Figure 1. Raw data recorded in a single trial from a typical subject.

Panel A - Left eye position plotted as function of time. Positive angles correspond to right eccentricities as seen by the subject. In this trial the dot was moving (0.5 deg/s) rightward at first. Inset 1: At extreme eccentricities the centrifugal beating nystagmus is clearly visible and the slow phase shows the tendency of the eye to return toward the primary position. Inset 2 and 3: Difference in the slope of the position trace at the same eccentricities when the dot is moving outward or inward. Panel B and C - Position (panel B) and velocity (panel C) of the eye at eccentricities larger than 10 deg right. The eye velocity begins to decrease from its baseline before the onset of the nystagmus, showing the growing centrifugal drift. Note that the baseline velocity is not zero but is positive between 10 and 25 deg of gaze eccentricity. When returning to 10 deg, however, the velocity is negative, showing the asymmetry in the baseline velocity showing the subject's attempt to match the target displacement velocity.

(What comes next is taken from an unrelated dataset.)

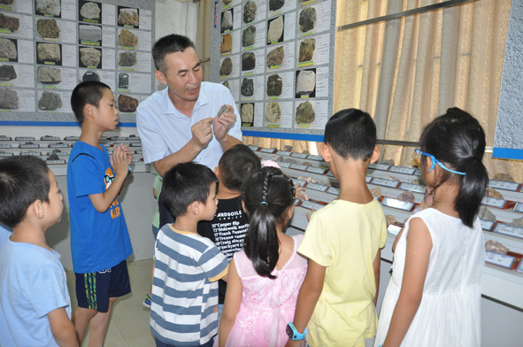 7月26日,省第八地质大队(核工业二九五大队)关工委组织22名职工子女到该队科技科普中心参观学习。在活动中,小朋友们参观了地球奥秘展厅、地质勘探成果室、矿物标本室、钻探设备陈列室,还观看了地质科普电教片。图为小朋友们在了解地质科普知识,近距离观察矿物与岩石标本。■ 华珑玲

Figure 2. Position-Velocity plot considering target direction.

Panel A - Black lines: Medians of the eye velocity within a 1 deg-wide bin plotted as a function of gaze eccentricity keeping the direction of target displacement separated. Gray lines: velocity of the target as a function of its position during the whole recording period. Note that the eye velocity matches the target velocity from the beginning suggesting that the offset observed around the straight ahead gaze is not due to a memory effect. The arrows show the directions of target and eye displacement. Panel B - Black lines: Velocity traces from the left panel after subtracting the correspondent target velocity. Gray line: Medians of the eye velocity within a 1 deg-wide bin plotted as a function of gaze eccentricity after pooling data from different directions of target displacement.

Figure 3. Position-Velocity plot and linear fit.

Gray dots: Instantaneous velocity plotted as a function of the eye eccentricity. Light gray dots: Velocity in the 0–20 deg bins; dark gray dots: Velocity in the 20–40 deg bins; black line: linear fit of the velocity in the 0–20 deg bins and in the 20–40 deg bins.

Figure 4. Smoothed Position -Velocity plot of the whole population.

Dashed gray lines: Individual position-velocity curves obtained after smoothing and interpolating instantaneous velocity as a function of eye eccentricity; solid thick gray line: mean of the smoothed individual position-velocity curves; solid medium gray line: mean ±1 standard deviation of the smoothed individual position-velocity curves; dashed black line: tangent fit of the mean of the smoothed individual position-velocity curves.

Figure 5. Simulation of the network without tuning.

Panel A shows the output of the synaptic activation function of each neuron (thin lines) as a function of the internal representation of eye eccentricity (Δ), the zero of each line indicates the neuron threshold, i.e. the eccentricity at which the inhibitory cutoff takes place. The thick lines are the cumulative output of both sides of the network, obtained by combining all the synaptic activation functions with their factor η. Panel B shows the presynaptic factor η of each neuron, indexed according to the threshold shown in the upper panel, here set to the same value for all neurons to illustrate the general features of a non-tuned network. Panel C shows the PV plot for the internal representation of eye position.

Figure 6. Simulation of the network tuned with non-uniform error function.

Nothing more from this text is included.